La filosofía apunta a esa hambre fundamental de saber: y como es un apetito no se


puede saciar del todo, y no se puede saciar con saberes particulares: el filósofo quiere un
saber total, un saber que es, en definitiva, inalcanzable. Esto va a tener mucha
importancia después, cuando la teología cristiana quiera racionalizar su fe o cristianizar
su filosofía, porque va a poner el Más Allá como el lugar donde esta hambre se va a
llenar. Ahora vemos como en un espejo y en enigma, dice San Pablo, pero allí vamos a
ver cara a cara.

Pero la ignorancia, el deseo, el apetito son todas características que podríamos llamar
“negativas”. Parten de, al menos en principio, de una carencia. Pero hay otro inicio, uno
en el que va coincidir tanto Platón como Aristóteles y que va a resignificar a los
anteriores: el asombro. Es el asombro: la constatación de que existe el mundo, de que
nos motiva, nos interesa, nos llama la atención, nos parece admirable. Un filósofo del
siglo XVIII, Leibniz, hizo una famosa pregunta: ¿por qué hay algo, y no más bien nada?
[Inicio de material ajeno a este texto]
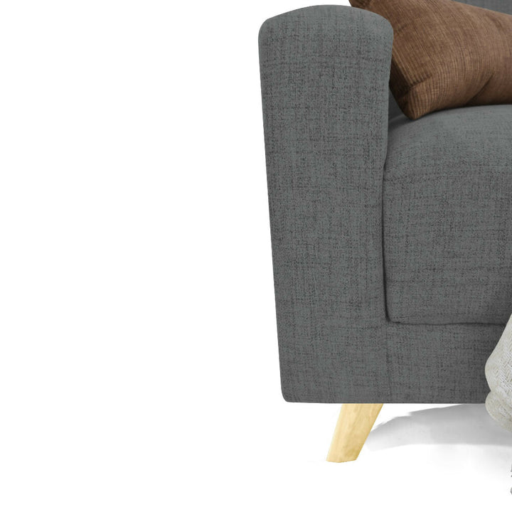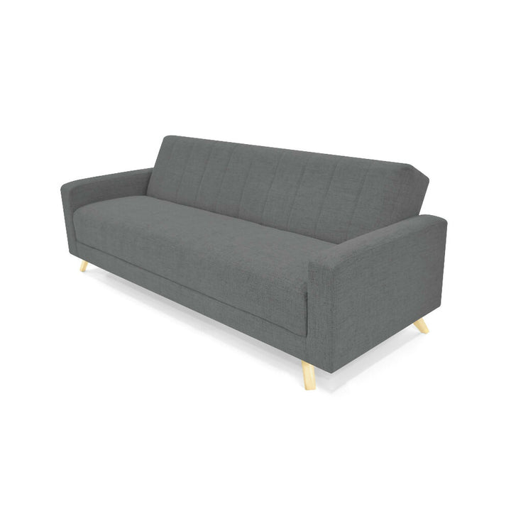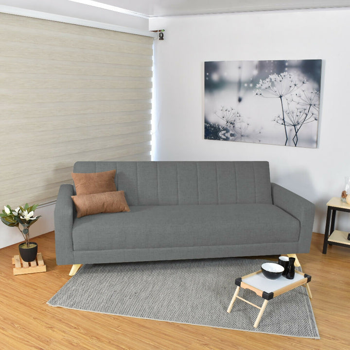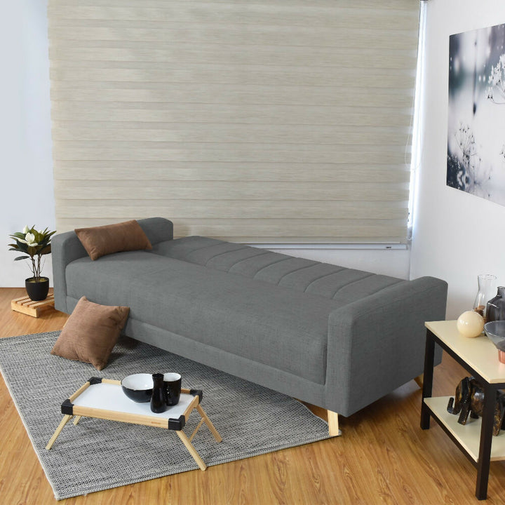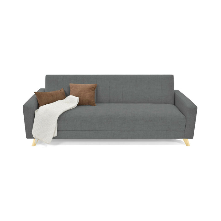 El Sofá cama Dominic está elaborado en una fuerte estructura de madera de pino inmunizada naturalmente, relleno con espuma de alta densidad y tapizado con tela poliéster de excelente calidad. Patas en madera pino.

O la mística proposición de Wittgenstein en el Tractatus logico-philosophicus “No
cómo sea el mundo es lo místico, sino que sea”. Este asombro, dice Aristóteles, es el
que nos lleva a preguntarnos sobre el mundo, el que nos obliga a reconocernos como
ignorantes. A su vez, es el que impulsa nuestro amor-deseo, pero no desde la pura
carencia de la sabiduría, sino de su apreciación real. No desde el mero hambre y apetito
que puede ser saciado con cualquier comida, sino como el aprecio a un verdadero
banquete. Tomás de Aquino, comentando la Metafísica de Aristóteles, dijo que en eso
se parecen el filósofo y el poeta (nosotros podríamos decir, el filósofo y el artista): en
que los dos se tienen que enfrentar con lo asombroso, lo maravilloso.